Pentagon officials said the US delegation took the opportunity to press their NATO allies to invest more funds in mobility, secure communications, and precision weapons.
The Schoomaker Doctrine
The Army’s new Chief of Staff, Gen. Peter J. Schoomaker, wants to reorganize the service into smaller, modular chunks that will be easier to mobilize and deploy yet retain considerable combat punch.
Speaking with reporters at an Association of the US Army convention in Washington in October, Schoomaker said he believes the service “can get more power out of smaller organizations.” He also wants to shift emphasis from the Army of the future to the Army of right now.
Schoomaker ordered the 3rd Infantry Division and 101st Airborne Division, each now with three brigades, to look at ways they could reorganize into five brigades each. A division is nominally about 15,000 to 20,000 troops, and a brigade usually has around 3,000 to 5,000 troops. There would be fewer troops in each brigade, but they would be beefed up with other forms of firepower, such as aviation units and artillery, that normally deploy as entire divisions.
The new brigades would be completely integrated with joint organizations, so that regional commanders could request building blocks of combat capability in finer increments than is possible under the Army’s current structure.
Today, the Army must split off helicopter units, armored units, and infantry to fill task forces, but they take key personnel and gear with them, and the left-behind portions are less able to be used elsewhere if needed.
Schoomaker said he’s going to try the new arrangement for six to 12 months. After that, he said, he’ll make a recommendation to Defense Secretary Rumsfeld about how large he thinks the Army needs to be.
Rumsfeld has been skeptical of calls for increased end strength of the services, but Schoomaker went out on a limb during confirmation hearings last summer, saying his instinct told him the Army needs more troops. (See “Washington Watch: Rumsfeld’s ‘Open Mind’ on Troops,” October, p. 8.) At the AUSA meeting, Schoomaker conceded it would take two years from a standing start to bring on more troops and get them trained and into the field.
Schoomaker is also shifting the service’s focus to supporting today’s troops, in contrast with the future-force emphasis of his predecessor, Gen. Eric K. Shinseki, now retired. Under Shinseki’s leadership, the Army accepted some “near-term risks” to fund technologies for a future, or “objective,” force.
However, Shinseki started his course before Sept. 11, 2001, Schoomaker said, and couldn’t have known the demands that would soon be put upon the Army.
“We have to fight [using] the current force,” Schoomaker said. The new Army Chief considers the Stryker to be part of the “current force.”
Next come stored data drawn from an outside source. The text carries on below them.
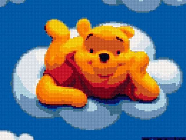 Ориентировочно так, схема вышивки «Vini-puh», созданная автором laletuanna, будет выглядеть при отшиве на канве. Размер данной вышивки равен 130x98 крестов, при этом используется 18 цветов. К несчастью, автор не назначил для схемы ключевые слова. Также, вы можете взглянуть на оригинальную картинку, соответствующую данной схеме вышивки.
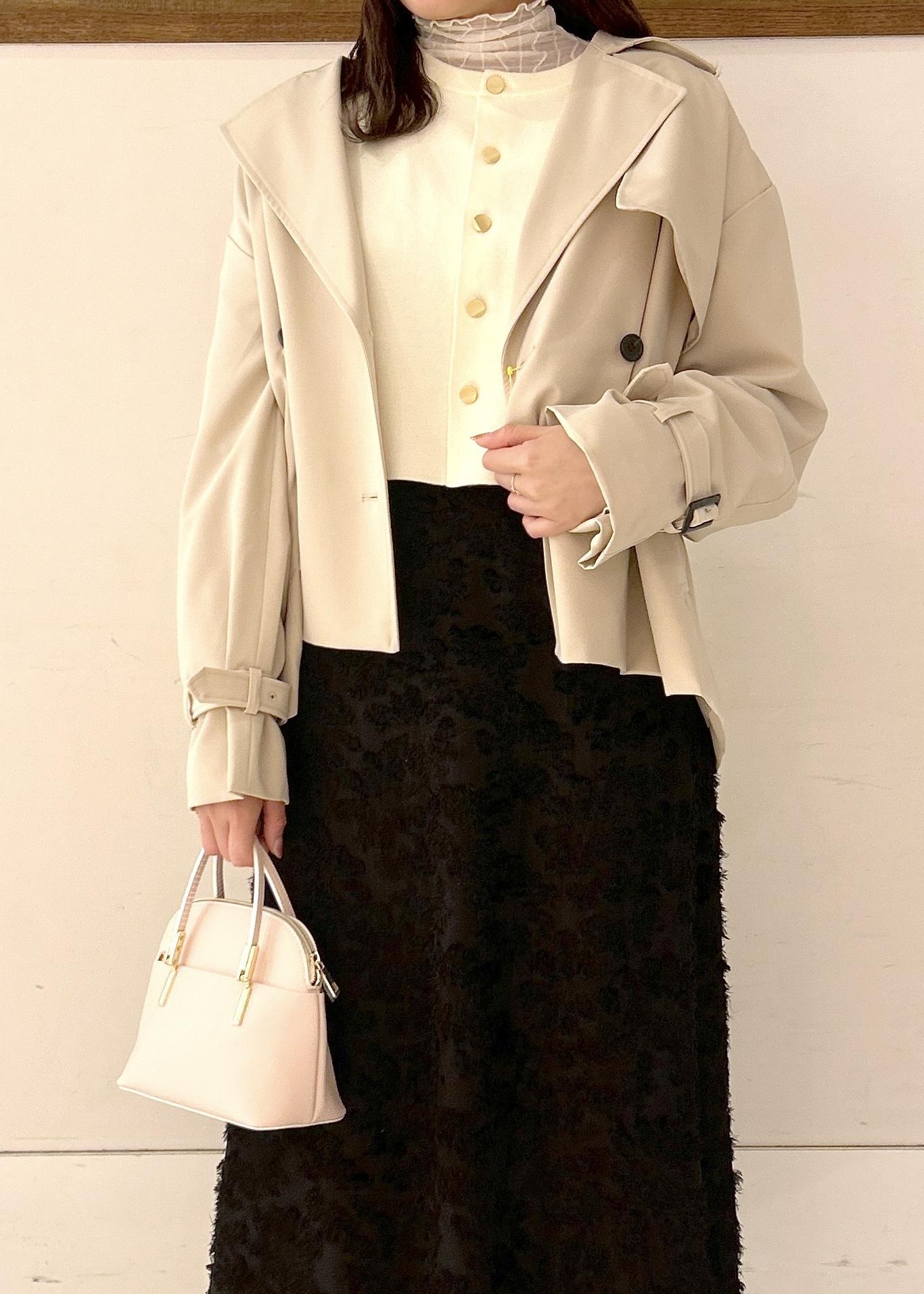 春らしいスタイリングにトレンチコートを合わせたコーディネートです。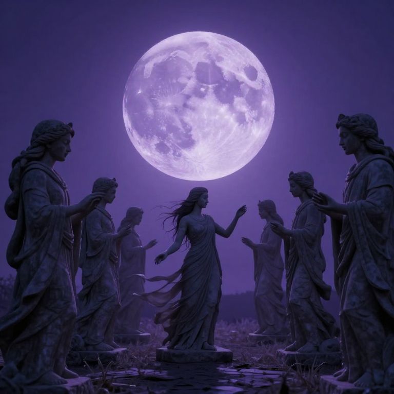 Photograph of six stone statues of classical figures, including two men and four women, silhouetted against a large, luminous full moon in a purple-hued night sky. The statues, with flowing robes and detailed facial features, appear to be dancing or in motion, with one central female statue raising her arm. The moon's bright glow illuminates their textured surfaces, creating a mystical, ethereal atmosphere. The ground is slightly visible with patches of grass and small stones, adding to the natural setting. The image's overall tone is otherworldly and dreamlike.
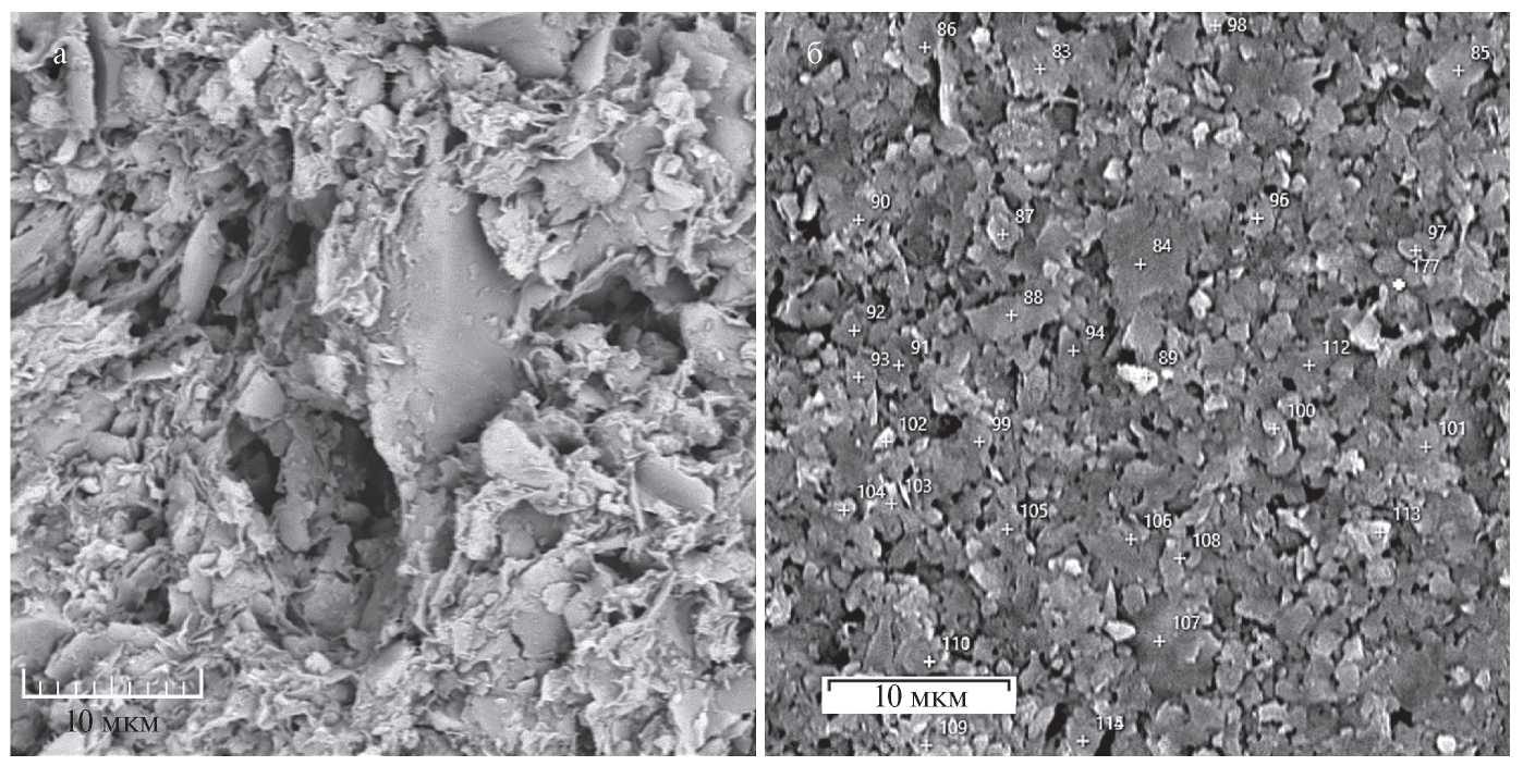 Рис. 3. Микрофотографии (СЭМ) терригенного алеврита (обр. 2271, скв. 1037В). а – свежий скол образца, б – фракция <0.001 мм (ориентированный препарат), цифры – номера спектров.

“The future force can’t be [used]—it doesn’t exist,” explained Schoomaker at the AUSA convention, as he outlined the focus areas recently identified by senior Army leadership.
To move the mind-set back to the here and now, Schoomaker has decreed that the Army will stop using terms such as “legacy” to describe current systems or forces, since they will be with the service for many years to come.
While he won’t abandon Shinseki’s Stryker brigade concept—a concept that calls for lighter vehicles and a smaller footprint designed for the fast-moving, urban-warfare scenarios Shinseki expected to be the future norm—Schoomaker is not pushing it further, either. He said he has no plans at present to shift heavy elements to light or vice versa.
Rather, he wants to make existing units smaller but with nearly twice the lethality as they currently possess.
Nevertheless, getting the troops to the front faster will require a means to get them there, and Schoomaker’s recommendations to Rumsfeld will no doubt play into the Air Force’s desire to conduct yet another Mobility Requirements Study. Air Mobility Command chief Gen. John W. Handy said the service is facing a severe shortage in airlift, and Shinseki’s plans to speed up Army mobility by air were “not addressed” in the last MRS.